What Is OEE in Manufacturing, and Why Does It Matter for Small & Medium Manufacturers?

Graphics of gears, a stopwatch, and a gauge pointing to 75% vs. a max of 85%, all over a blurred image of a factory, next to white text on green background, saying "What is OEE, and Why Does It Matter for Small and Medium Manufacturers?"

Every minute your machines sit idle or run below speed, you’re leaving money on the table. For small and mid-sized manufacturers, where margins are tight and equipment budgets are limited, getting more out of what you already have is the fastest path to profit.

That’s where Overall Equipment Effectiveness (OEE) comes in.

OEE isn’t just another acronym. It’s your clear, no-nonsense way to measure how well your machines are running, and where they’re losing you time, money, and output.

The Three Components of OEE

OEE = Availability × Performance × Quality

  • Availability: How much of your scheduled time the machine is actually running (accounts for downtime and breakdowns).
  • Performance: How fast it runs compared to its designed speed (captures slow cycles and micro-stops).
  • Quality: How many good units come off the line vs. scrap and rework.

Quick Example:

If a machine is available 90% of the time, runs at 95% of its designed speed, and produces 98% good parts:

OEE = 0.90 × 0.95 × 0.98 = 83.7%

Why OEE Matters for Small & Medium Manufacturers

The headline? OEE is a snapshot of your operations.
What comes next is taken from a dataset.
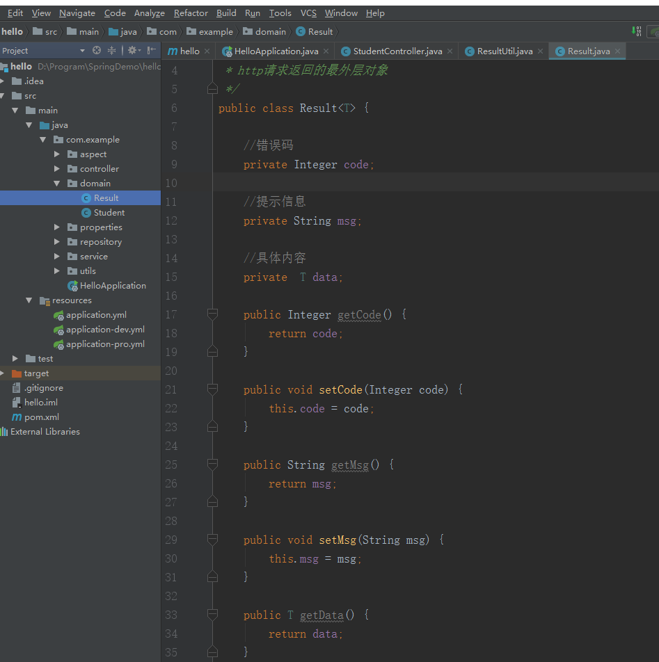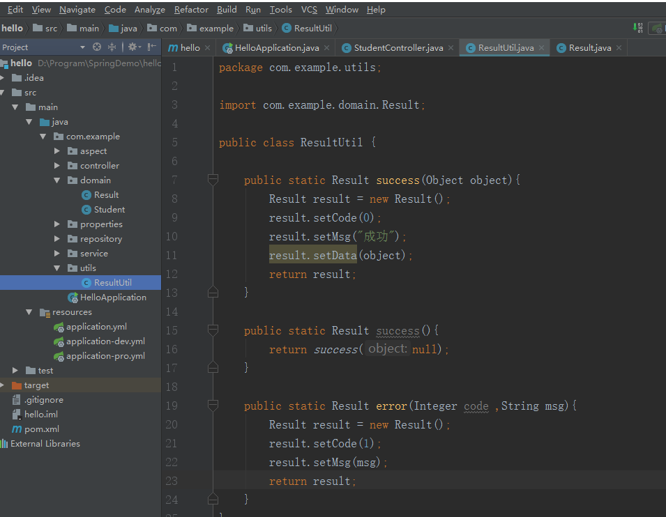 第二步:读题目意思,得知对消息的返回应该有一个统一的格式,因此创建ResultUtil.java类,封装消息返回的格式

It is great because it summarizes all types of issues and improvements in a single number. You only need to check its components if you are looking to investigate causes for trends or unusual behaviors.

Specifically, it:

  • Reveals Hidden Losses: Even without high-tech tools, OEE shows you where production time is being wasted.
  • Creates a Baseline: Once you measure OEE, you know where you stand and where to focus.
  • Supports Continuous Improvement: Every small fix, quicker setup, or eliminated stoppage moves the number up.

But OEE also has another, subtle benefit: It’s a great motivator.
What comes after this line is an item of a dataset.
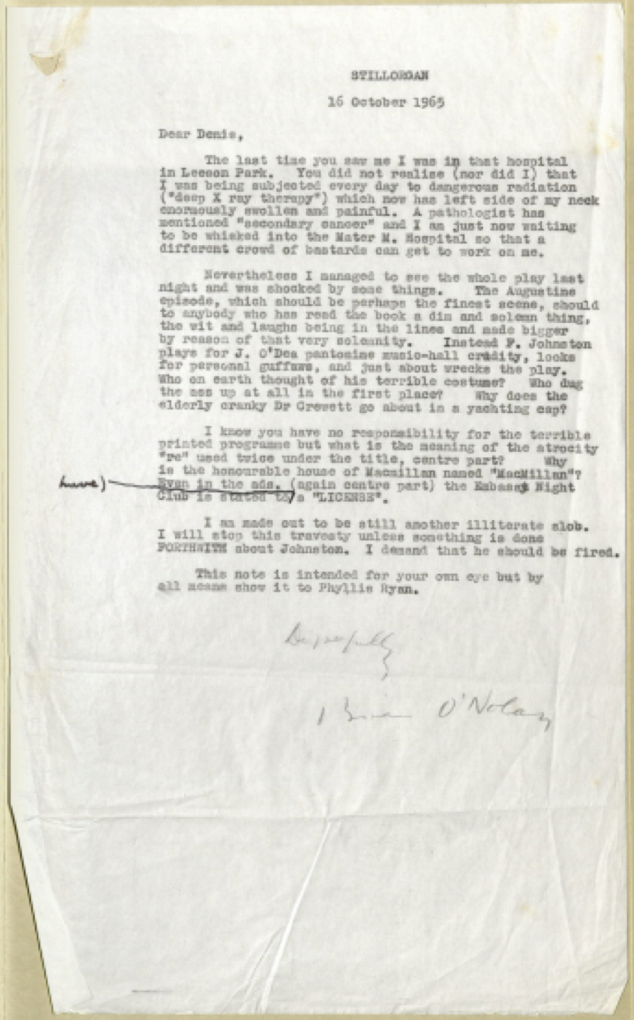 Brian O’Nolan TLS to Denis Carey, 16 Oct 1965

For one thing, OEE shows all critical improvements (and issues) in your operations. Every improvement moves the needle, as we already mentioned. That means that every team member can see the impact of their work too. Too often, it can seem like one is just a cog in a machine oneself. Do I really matter?

Ah, but yes! OEE is a figure that everyone up to the CEO follows. If you can improve OEE, you are improving the whole company.

In other words, OEE gives employees and teams a way to stand out.

But in addition, it’s also about teamwork. Yes, individual improvements show up in OEE. But so does everyone’s collective effort. OEE is a joint metric that everyone on the floor and in production groups shares.

It can be easy to focus just on one’s team or shift or colleagues. But in the hands of skilled leaders who know how to rally people, OEE can serve as a unifier too.

(A side note: There is also the similar-sounding acronym “OPE”, Overall Process Effectiveness. OPE expands beyond Equipment to all other factors, such as material flow, workforce productivity, and process design. But let’s stick with equipment for now.)

How to Measure OEE Without Overcomplicating It

Measuring OEE is simple … but not easy. We are all too aware that this simple three-step process can be hard in practices.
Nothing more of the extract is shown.